2. Tinta warna khusus diaduk di lokasi percetakan dari beberapa macam tinta dasar (basic inks). Proses
pencampuran bisa dilakukan oleh staf pabrik tinta yang diperbantukan atau oleh karyawan percetakan
yang terlatih, dalam hal ini kita paham bahwa keterbatasan aneka tinta dasar dan kimia pendukung,
peralatan pencampuran, peralatan pengukuran serta kondisi ruang pencampuran.
Dua deret warna tersebut dicetak dengan komposisi Cyan dan Yellow yang sama, tetapi dicetak dengan tinta Yellow yang
berbeda, pada deret bawah tinta Yellow sedikit lebih pekat dari pada tinta Yellow yang dipakai mencetak deret atas.
Meskipun demikian kedua proses pembuatan tinta warna khusus tersebut diatas yang sama-sama
mencocokan warna hanya pada warna solid (pencocokan warna khusus dengan beberapa variasi
ketebalan tinta) dan kadang-kadang dilengkapi dengan menumpuk tinta diatas warna hitam, belum
mampu memberikan informasi bagaimana hasil cetak apabila diaplikasikan pada warna turunan
(tint/gradient) dan warna tumpukan (overprint) yang tepat.
Ini berkaitan dengan sifat tinta dan kondisi pencetakan yang mempengaruhi nilai TVI, apabila pada
pencetakan warna khusus yang sama terjadi nilai TVI berbeda maka tampilan warna turunannya akan
berbeda juga.

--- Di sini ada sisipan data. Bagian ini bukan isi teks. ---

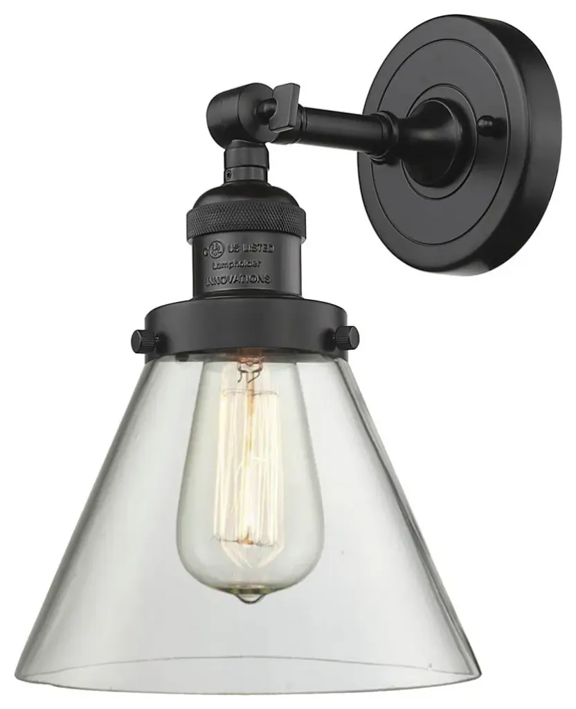 Large Cone 1-Light Sconce, Smoked Glass, Matte Black
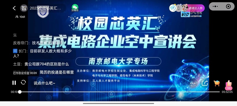 为全面贯彻落实党的二十大精神,落实党中央、国务院“稳就业”“保就业”决策部署,强抓春季就业工作关键期,3月20、21日,3044am永利集团3044noc、柔性电子(未来技术)学院、集成电路科学与工程学院、校招生就业处共同举办校园芯英汇生基成电路企业空中3044am永利集团3044noc专场宣讲会,本次空中宣讲会由芯人类人才服务平台支持。
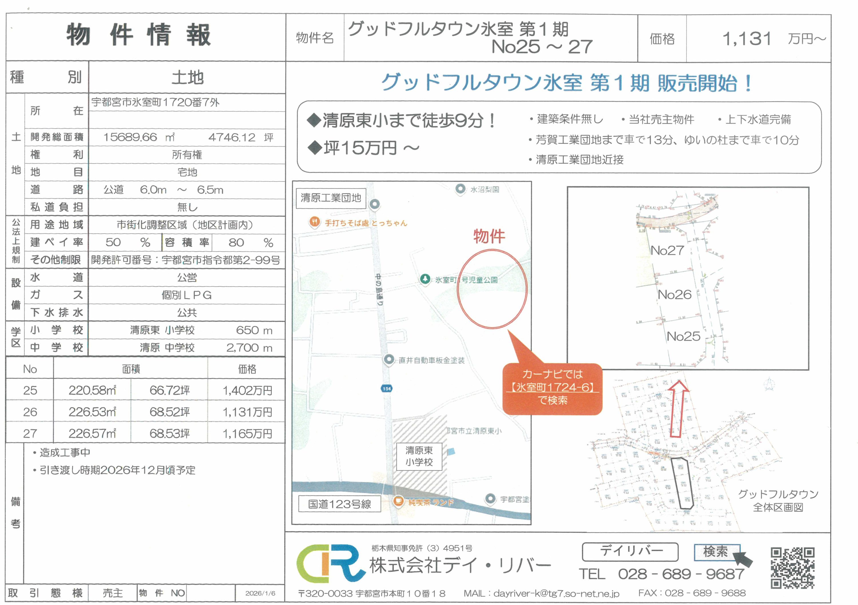 | 物件名 | グッドフルタウン氷室 No25~27 | 住所 | 宇都宮市氷室町1720番7 |
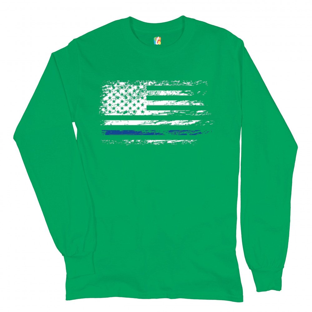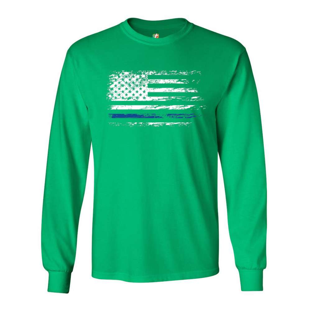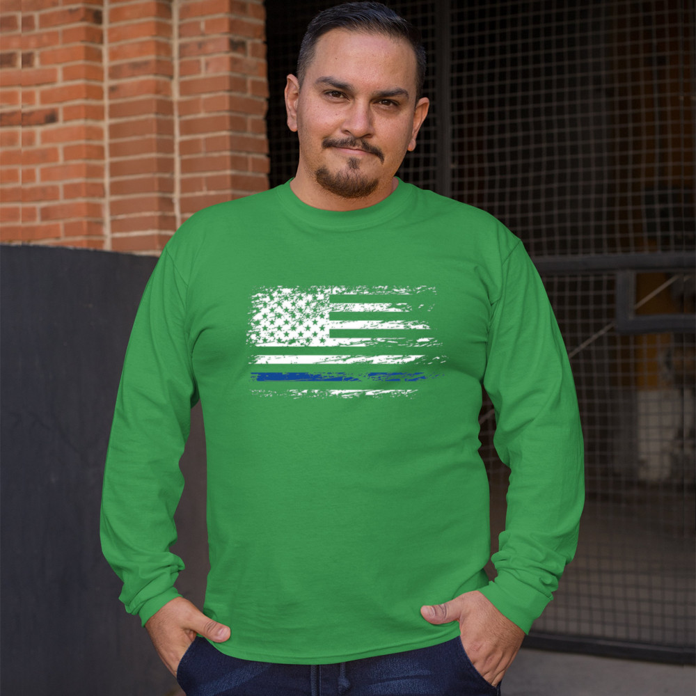 DISTRESSED THIN BLUE LINE AMERICAN FLAG long sleeve t-shirt patriotic police green
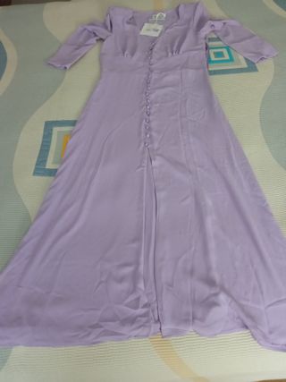 Precioso vestido a estrenar de la marca Lady Pipa en color lila, ideal para cualquier ocasión. Es de manga tres cuartos y es de un tejido ligero con cierre de botones delanteros. Talla XS. Solo necesita plancha
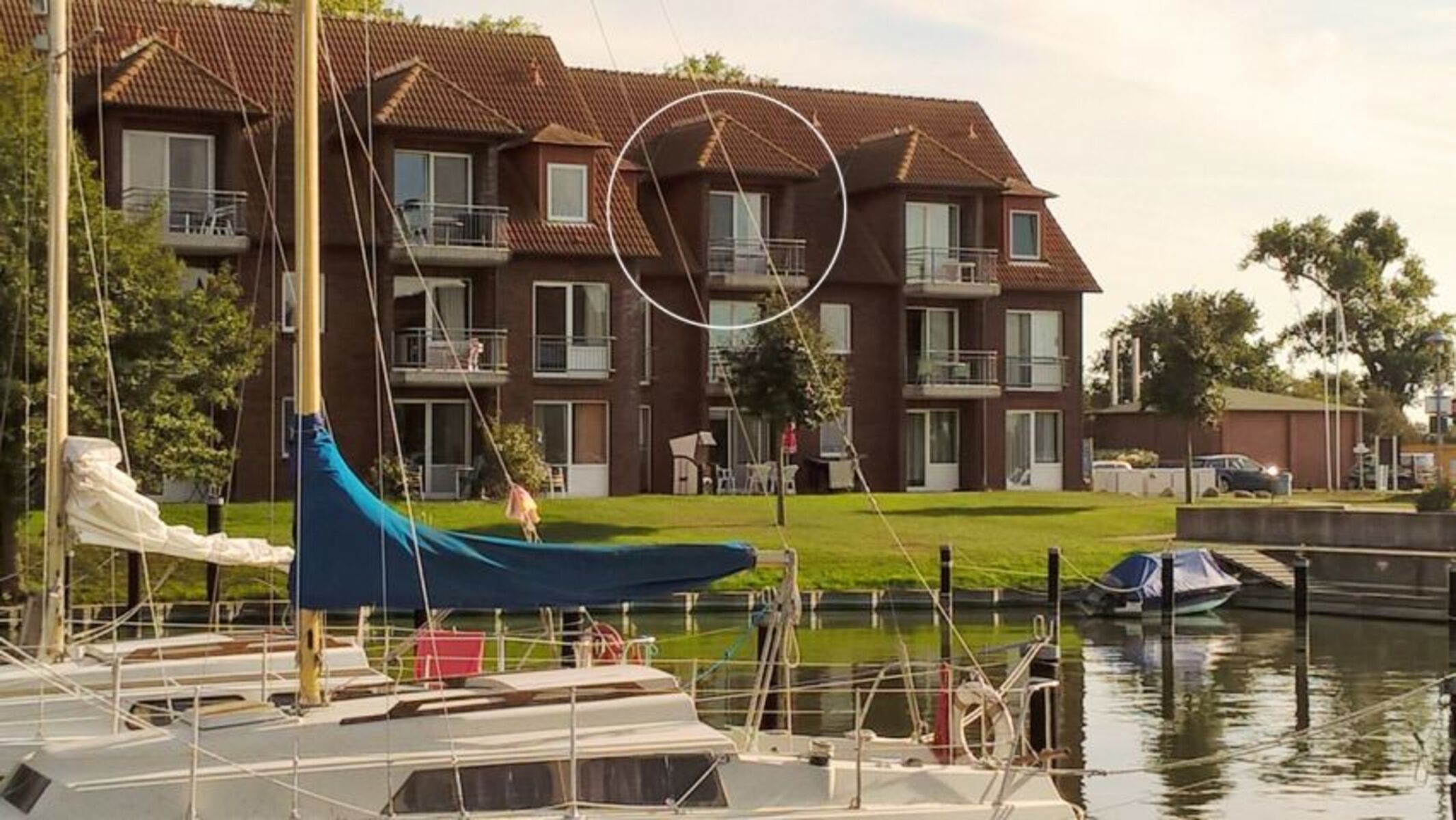 Die einmalige Lage des Apartments direkt am Wasser lässt sofort das richtige Urlaubsgefühl aufkommen. Sie können auch mit Ihrem Boot hier ankommen und direkt in der Marine ankern. Der Balkon bietet einen herrlichen Blick auf die Marina und das Haff.
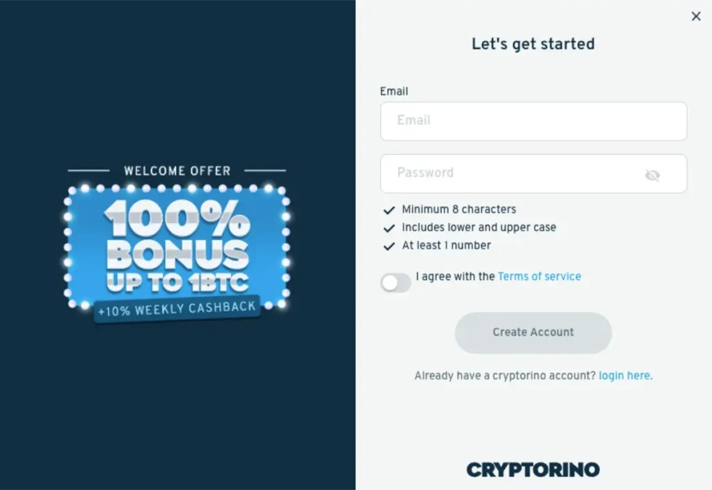 The standout detail here is that there’s no minimum deposit at all. That puts Cryptorino in elite company alongside Thrill.

Demikian juga dengan sifat tembus tinta dan kondisi pencetakan (ink trapping) yang
berbeda akan menghasilkan cetakan warna tumpukan yang berbeda.
Dengan demikian baik print buyer maupun percetakan hanya dapat memprediksi warna solid dan
metameri (karena metode ink proof), tetapi untuk memprediksi warna turunan dan warna tumpukan
dibutuhkan pencetakan nyata atau dengan metode digital proofing yang dapat mengadopsi format
CxF/X-4.
Mengadopsi format pertukaran warna (CxF = Color eXchange Format) dari X-Rite, ISO 17972-4:2015
Graphic technology -- Colour data exchange format (CxF/X) -- Part 4: Spot colour characterisation
data (CxF/X-4) mendefinisikan format CxF/X-4 yang dapat digunakan untuk menyimpan data
karakteristika tinta warna khusus. Karakteristika tinta warna khusus yang dimaksud antara lain data
spektral yang didapat dari pengukuran beberapa potong warna dalam bagan seperti Gambar 4. Bagan
terdiri dari 2 deretan warna khusus dan turunannya yang pertama dicetak diatas materi kertas
tertentu dan yang kedua diletakan pada bagian yang sebelumnya sudah tercetak dengan tinta warna
hitam.
Percetakan mencetak bagan warna khusus tersebut dengan kondisi penyetelan yang standar, seperti
yang disarankan warna hitam dicetak terlebih dahulu baru warna khusus yang akan diukur (mencetak
wet on dry), target density warna (basah) solid dapat diberikan oleh pabrik tinta / color matching
supplier. Cetakan diukur dengan menggunakan aplikasi CxF/X-4 toolbox dan hasil pengukuran
disimpan dalam format CxF/X-4.
CxF/X-4 dapat disimpan dalam format PDF 2.0 sehingga aplikasi digital proofing yang memproses
berkas PDF 2.0 dengan data warna khusus dapat memvisualkan warna-warna khusus sesuai dengan
hasil cetak akhir. Catatan: meskipun ekstensi ini didefinisikan oleh PDF 2.0, spesifikasi ini sudah
ditetapkan untuk memungkinkan mereka digunakan dalam PDF versi 1.x.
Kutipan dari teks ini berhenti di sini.